Analysis of the command from the question:

从问题分析命令：

c=0; for i in $'1\n2\n3\n4'; do echo iteration $c :$i:; c=$[c+1]; done

• $IFSand word-splitting onlyapply to the echocommand, not the forloop.

• ANSI C-quoted string $'1\n2\n3\n4'as the loop driver results in the following 4-line string assigned to $i:

  1
  2
  3
  4
  

• echo iteration $c :$i:, due to having only unquotedarguments, makes the shell subject them to word-splittingas well as globbing(filename expansion; although that has no effect in this particular case):

  • $c, due to containing just 0(in the one and only iteration) is not modified in the process.

  • :$i:, by contrast, based on $IFScontaining <space><tab><newline>by default, is split into 4 separate words: :1, 2, 3, and 4:- note how the enclosing :became part of the first and last word.

  • Note: To use a variable's value as-is, always double-quotethe variable reference.
    Word splitting and globbing are instances of shell expansions, which is the umbrella term for the up-front interpretation of arguments by the shell.

• echois therefore handed 6 individual arguments: iteration, 0, and :1, 2, 3, and 4:. On output, echoconcatenates its arguments with a single space(unrelated to $IFS), yielding iteration 0 :1 2 3 4:

• $IFS并且分词仅适用于echo命令，不适用于for循环。

• ANSI C 引用的字符串$'1\n2\n3\n4'作为循环驱动程序导致分配给以下 4 行字符串$i：

  1
  2
  3
  4
  

• echo iteration $c :$i:，由于只有不带引号的参数，使 shell 使它们经受分词和通配符（文件名扩展；尽管在这种特殊情况下没有效果）：

  • $c，由于只包含0（在一次且唯一的迭代中）在过程中没有被修改。

  • :$i:相比之下，基于$IFS包含<space><tab><newline>在默认情况下，被分成4次独立的话：:1，2，3，和4:-记封闭如何:成为第一个和最后一个字的一部分。

  • 注意：要按原样使用变量的值，请始终双引号引用变量。
    分词和通配符是shell 扩展的实例，它是 shell 对参数的预先解释的总称。

• echo因此传递6 个单独的参数：iteration, 0, and :1, 2, 3, and 4:。

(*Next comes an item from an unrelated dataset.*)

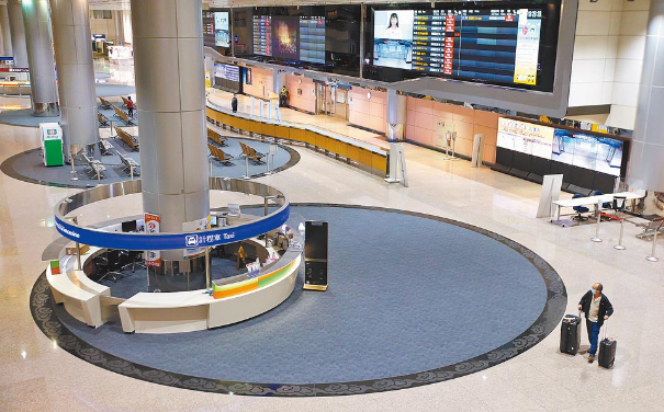 美國(guó)《紐約時(shí)報(bào)》報(bào)導(dǎo)指出,國(guó)際專(zhuān)家對(duì)臺(tái)灣防疫的做法打上問(wèn)號(hào),稱(chēng)這么做可能讓臺(tái)灣在經(jīng)濟(jì)或政治上受到孤立。圖為桃園國(guó)際機(jī)場(chǎng)入境大廳空蕩蕩。(圖片來(lái)源:臺(tái)灣《中時(shí)電子報(bào)》資料照片)

在output 上，echo将其参数与一个空格（与 无关$IFS）连接起来，产生iteration 0 :1 2 3 4:

How to write the loop robustly

如何稳健地编写循环

Note the double-quoting of the string passed to echo, and the embedded arithmetic expansion that combines reporting the current value of $cwith incrementing it afterwards ($((c++))).

请注意传递给 的字符串的双引号echo，以及将报告的当前值$c与之后递增 ( $((c++)))相结合的嵌入式算术扩展。

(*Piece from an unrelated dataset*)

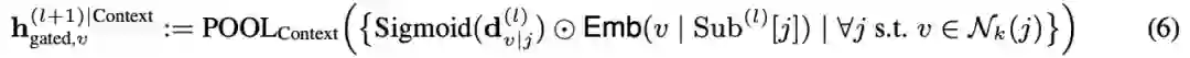 提出了 context encoding,将结点 v 所在的所有根结点不同的子图的 embedding 整合成 multiset,用 POOL 函数计算得到 v 的表示。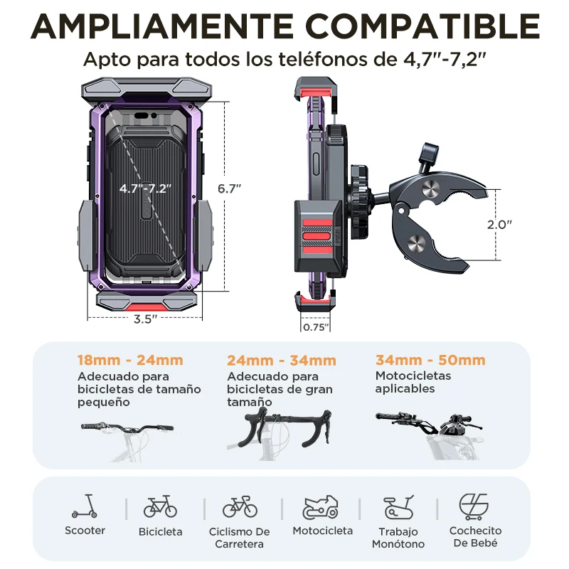 6.[Funda gruesa amigable]-No importa lo grueso que sea el teléfono, se sujeta firmemente. Este soporte para teléfono de motocicleta funciona con todos los teléfonos de 4,7-7,2 pulgadas y combinaciones de fundas gruesas como para iPhone 14/14 Pro Max/13/13 Pro Max/12/12 Pro Max/11/XS/SE/8/7 Plus, galaxy S23/S22/S21/S20/Note 20/Note 10 , LG, Google Pixel, Motorola, etc.

If the iteration values are known in advance:

如果预先知道迭代值：

# Simply use an unquoted, space-separated list (the indiv. elements may be quoted, however).
c=0; for i in 1 2 3 4; do echo "iteration: $((c++)) :$i:"; done

# Alternative, with an array:
vals=( 1 2 3 4 )
c=0; for i in "${vals[@]}"; do echo "iteration: $((c++)) :$i:"; done

# If the iteration values form a range of numbers, you can also use
# brace expansion (`for i in {1..4}...`) or, better for larger ranges
# and required for variable-based endpoints, a C-style loop (`for ((i=0;i<4;++i))...`)

If the iteration values are NOT known in advance:

如果事先不知道迭代值：

Using forto loop over lines of input is ill-advised, because the use of an unquoted expansion would require you to deal with possibly unwanted word-splitting and globbing, and because the entire input must be read into memory as a whole before the loop starts.

使用for循环输入的行是不明智的，因为使用不带引号的扩展将需要您处理可能不需要的分词和通配符，并且因为必须在循环开始之前将整个输入作为一个整体读入内存.

A whileloop to which the lines are provided via stdin is the better choice (<<<is a here-string, a string that is passed via stdin):

甲while向其中通过stdin提供的线环是更好的选择（<<<是一个下面的字符串，即通过stdin传递字符串）：

c=0; while IFS= read -r i; do echo "iteration: $((c++)) :$i:"; done <<<$'1\n2\n3\n4'

readreads line by line, and -rcombined with IFS=(disabling word-splitting by setting it to the null string) ensures that each line is read in full, as-is.
Note that by prepending IFS=?directly to read, its value is localized to that command, without changing the current shell's $IFSvalue - this is a generic mechanism in POSIX-compatible shells.

read逐行读取，并-r结合IFS=（通过将其设置为空字符串来禁用分词）确保按原样完整读取每一行。
请注意，通过IFS=?直接添加到read，其值被本地化为该命令，而不会更改当前 shell 的$IFS值 - 这是POSIX 兼容 shell 中的通用机制。